FIG. 9 is a diagram showing experimental data of an example.

[Explanation of symbols]

 DESCRIPTION OF SYMBOLS 1 Developer 2 Developing part 3 Contact part 30 Developing device 32 Developer conveying body 37 Developer supplying body

 ────────────────────────────────────────────────── ─── Continuation of the front page (56) References JP-A-61-45257 (JP, A) JP-A-2-191974 (JP, A)

Claims (2)

(57) [Claims] A developing device (30) so that a developer (1) composed of fine particles is adhered to an outer surface and transported to a developing section (2).
The developer transport body (32) provided at the surface of the developer transport body (32) contacts the developer transport body (32) between the surfaces thereof, and moves in a direction opposite to the developer transport body (32) at the contact portion (3). in the developing device of the developing device (30) an electrophotographic apparatus developer (1) is provided with a developer supply member for supplying the surface (37) of said developer conveying member (32) in said developer supply The body (37) is made of soft conductive
Formed by foam synthetic resin material, its physical property value is hardness
Is H (kgf), density is ρ (kg / m ³ ), cell of bubble
The number was S (cells / inch), and F = S · ρ / H
When H (kgf) is 9 to 15, ρ (kg / m ³ )
Is 28 to 30 and F is 72 to 114
And a moving speed of the developer supply member (37) at the contact portion (3) is set to be 1.4 to 1.7 times a moving speed of the developer conveying member (32).

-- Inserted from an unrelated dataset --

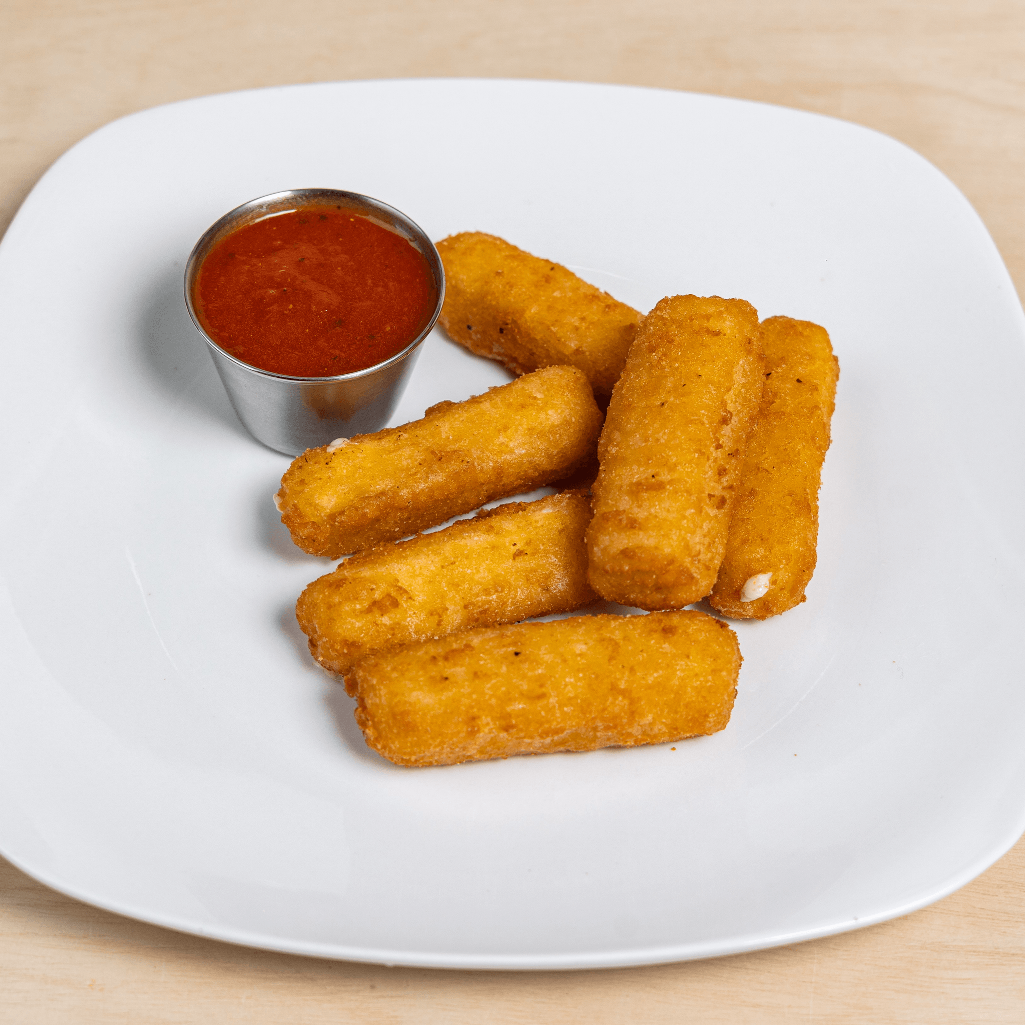 Breaded mozzarella served with marinara sauce

Developing device for photographic equipment. 2. The developer (1) having a work function (eV), which is one of the physical properties of the developer supply member (37), charged with the developer (1) negatively. 2. The developing device for an electrophotographic apparatus according to claim 1, wherein the developing device has a value smaller than the work function (eV) of the developing device.